So finally we're left with accepting or disproving the argument by Subject #7 that ... for reasons noted in OP ... his unconstrained probability of rolling 7 must be 2/11.

Well we've seen the [isolated and improbable] conditions for a 2/11 result, and Subject 7 didn't mention any of them, so we don't believe the argument. But to disprove it, we have to point out a fallacy. And there's one that is fairly obvious. For the first six subjects' answers to have been correct, as we've just seen, the choosing method [i.e. the value of the predetermined number] would have to be different in each case. Thus the six outcomes are not exclusive and exhaustive cases: they are "apples and oranges." Therefore they can't be combined, as Subject 7 reasoned they could.

Thus the paradox is explained.

Edited January 6, 2009 by bonanova
Added a comment [in dark red] after Mehods 4 and 5

[Guest]

Tis truely the season of miracles: someone on Brainden admits they were mistaken... especially miraculous after such a heated debate. Much kudos all round.

[Guest]

I've just read all the posts on this and on the two kids (boy/girl) problem and want to make sure I have properly understood it all. Please bear with me on this, as this is quite a long post, but I'd really appreciate people's thoughts, especially those who have so passionately argued this case.

I believe from Bonanova's last post that the probabilities for each of people 1 to 6 is NOT definitively 2/11, but is actually indeterminate. The fact that the magician tells them that they are correct is actually the only useful information we can take from the puzzle which leads us to Bonanova's final conclusion that the magician was using a very odd (and lucky) way of choosing what number they had at least one of and proving that person 7 was wrong.

I'm hoping that I'm right in what I'm saying, so not going to give my reasoning, but would be grateful if someone could confirm it! However, I will explain my reasoning in relation to the two kids problem (which I believe uses the exact same logic so should be able to be extended to this problem). I'm also going to try to explain using reason, as I'm not happy with a math formula that proves one thing but common sense that says something else!

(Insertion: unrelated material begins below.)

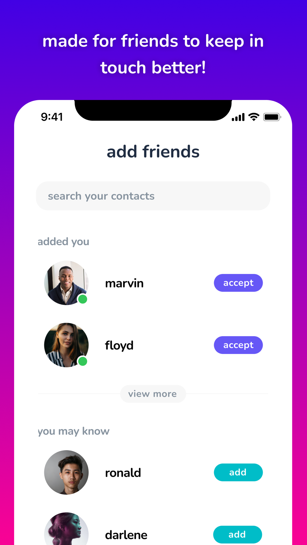 free for five is a way to have spontaneous phone catch-ups with your friends. it's just one button: tap when you're free and see who's around to join!

So, with the original kids problem (posted here) I again believe that the answer is indeterminate based on the wording of the question.

Now, before anyone starts shouting at me, I agree that the answer to the question "Out of all couples with exactly two children that have at least one girl, how many have two girls?" is 1/3. However, that's not what the original kids problem states. Instead it states "They have two kids, one of them is a girl, what is the probability that the other kid is also a girl."

As was stated in that thread several times, we do not have any information as to why we were told one of them is a girl. However, in order to arrive at the answer of 1/3, we have to make the assumption that if there is at least one girl then we will be told about it.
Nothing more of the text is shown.